Jade Slusarczyk has certainly never felt degraded as a “walk-on girl.”
She’s bemused – as well as saddened – by the decision of the Professional Darts Corporation (PDC) to axe the tradition. The PDC announced last week the long-established practice of women escorting male players to the stage would be abandoned, after talks with broadcasters.
But Jade, who has been a walk-on girl with Sky Sports for seven years and worked at major darts and snooker events across the country, said she was disappointed.
The 32-year-old former Miss Poulton, from Blackpool, said: “Some people say having walk-on girls is demeaning or degrading, but I don’t feel degraded at all. I’ve done events, exhibitions and appearances all over England, Europe and in America. I love it. I’ve been able to travel and see different places.
“I don’t wear skimpy outfits, I wear classy, knee-length dresses. I’ve never been made to feel uncomfortable or do anything I didn’t want to, there’s never been anything untoward.
“It’s like a big sporting family – I’ve made so many friends through it. The players and fans becomes your friends.”
For Jade, it was a career choice which suited her and her family circumstances.
Jade – who won The Face Of The Gazette competition in 2011 – said: “I cared for my mum since I was six.

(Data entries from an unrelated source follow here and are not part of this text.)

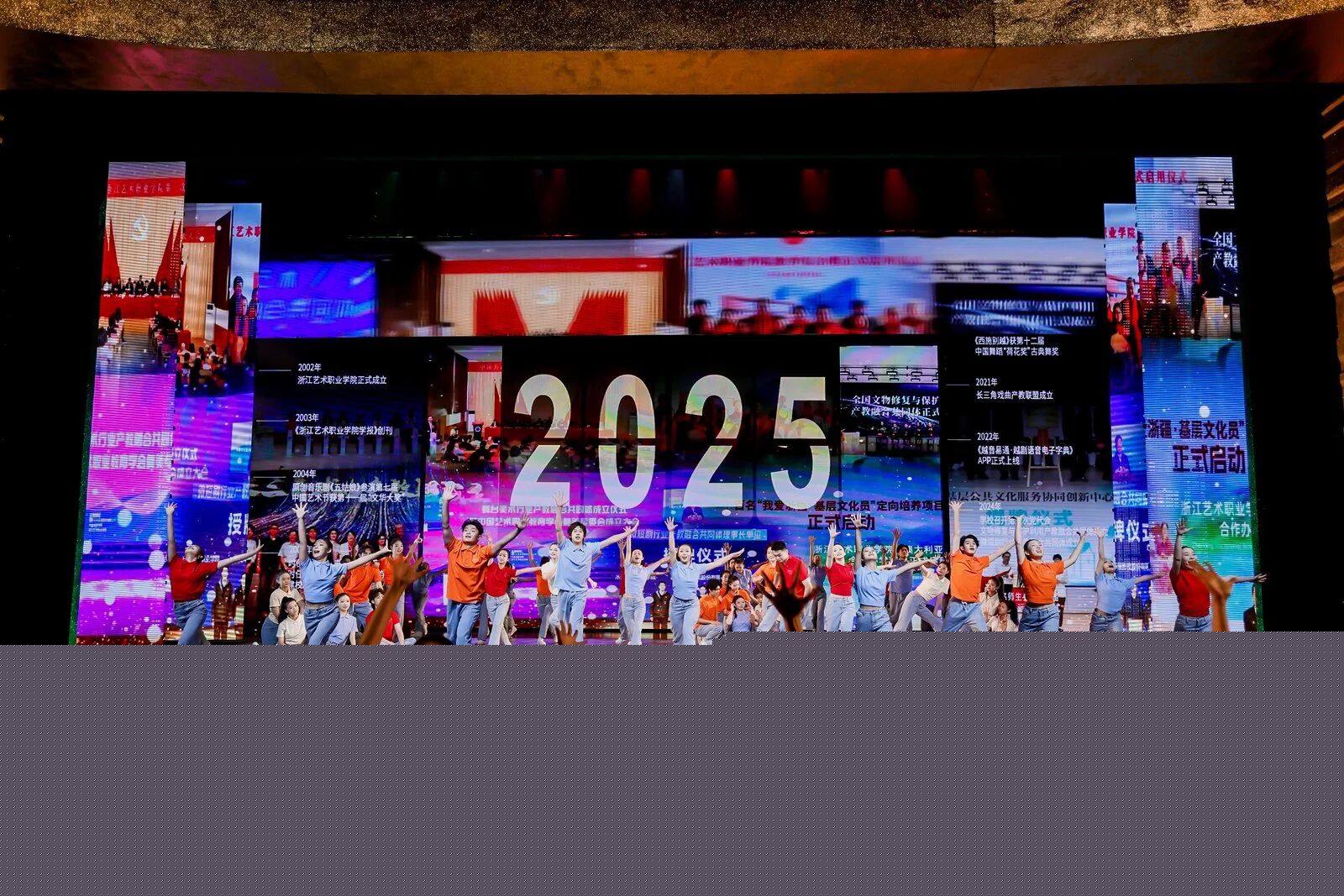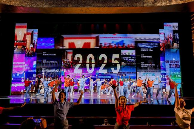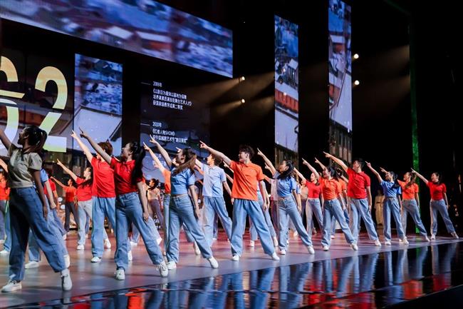 晚會(huì)的最高潮——《藝者無疆》,13位來自不同年代的優(yōu)秀校友逐一分享了他們從舞臺(tái)表演到基層服務(wù)、從文物保護(hù)到國(guó)際交流、從影視創(chuàng)作到文化管理等不同領(lǐng)域“獻(xiàn)身藝術(shù)、服務(wù)人民”的生動(dòng)實(shí)踐與深情感悟。徐夢(mèng)迪用江南舞姿講述浙江故事,許冰深耕基層打造新時(shí)代孝文化品牌,楊茹文推動(dòng)中國(guó)打擊樂在世界舞臺(tái)綻放光彩,裘基鵬在古村老宅間讓歷史遺存與鄉(xiāng)村振興相融相生,陶建新在黨和國(guó)家重大活動(dòng)中讓世界聽見更響亮的中國(guó)聲音,裘冰以匠心為浙江舞臺(tái)藝術(shù)的創(chuàng)新發(fā)展注入更多活力,金瑤用美好歌聲演繹中國(guó)故事,阿麗米熱·米吉提扎根西陲服務(wù)邊疆群眾,趙威在文物保護(hù)與考古一線精心呵護(hù)浙江千年文脈,陳偉鑫用影視作品《云霄之上》講述家國(guó)情懷,袁幼蘭用中國(guó)動(dòng)漫呈現(xiàn)浙江風(fēng)骨,陳天貺數(shù)十年耕耘在越劇教學(xué)一線傳續(xù)越劇薪火。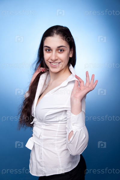Портрет молодой девушки на голубом фоне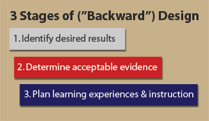 In reviewing the current curriculum, it was apparent that a backward design approach would be the most effective method for this instructional design project. In Understanding by Design, Wiggins and McTighe (2005) identify three key stages for backward design: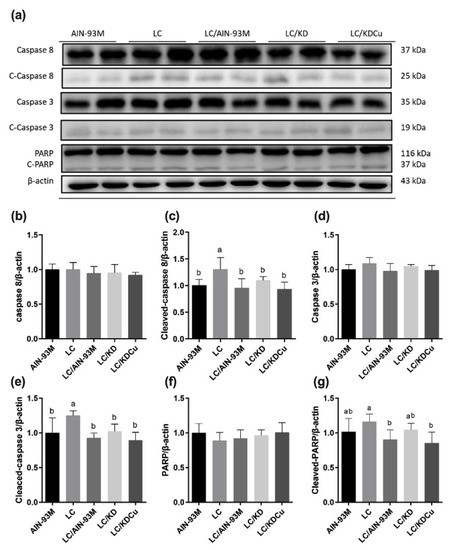 As shown in Figure 7, the levels of SOD, GPx and CAT in the LC group were significantly lower than in the other groups. In terms of lipid peroxidation, the MDA concentration in the LC group was significantly higher than in the other four groups. A low-carbohydrate diet resulted in higher protein expressions of the ratio of the pro-apoptotic factor Bax to the anti-apoptotic factor Bcl-xl (Bax:Bcl-xl), cleaved caspase 8, caspase 3 and PARP, while these changes were attenuated following a change in the diets of the AIN-93M and LC/KDCu groups (Figure 8 and Figure 9). The examination of inflammation-related factors showed an increasing NF-κB protein expression in the LC and LC/KD groups and a notably lower NF-κB expression in the LC/KDCu group (Figure 10).

My mum was left disabled when we were involved in a bad car accident. So for me this line of work suited me, I couldn’t have done a 9 till 5 job. When my mum was well, I could take on work and when she wasn’t in such good health, I wouldn’t take on jobs.
“I lost my mum three years ago, which was a massive shock and it really floored me. I used to help look after my nan too, and I lost her two months ago.
“I just started getting into this work full-time. I’ve been a walk-on girl for Sky Sports for seven years and I do exhibitions and appearances, mainly snooker and darts. I recently got back from shooting in Las Vegas.
“There are people at the events looking out for your safety, and I’ve always really enjoyed it. It is the girls’ choice to do it. And it’s harmless. This all seems like madness to me.
“I appeared on the Jeremy Vine Show to talk about it and debated it with a feminist. I told her I’d always wanted to be a doctor, I did really well at school, but looking after my mum had to be my number one priority and a 9 til 5 job wasn’t an option for me. I’ve had thousands of messages of support on social media. I love travel, love meeting people, so being a walk-on girl is ideal for me.”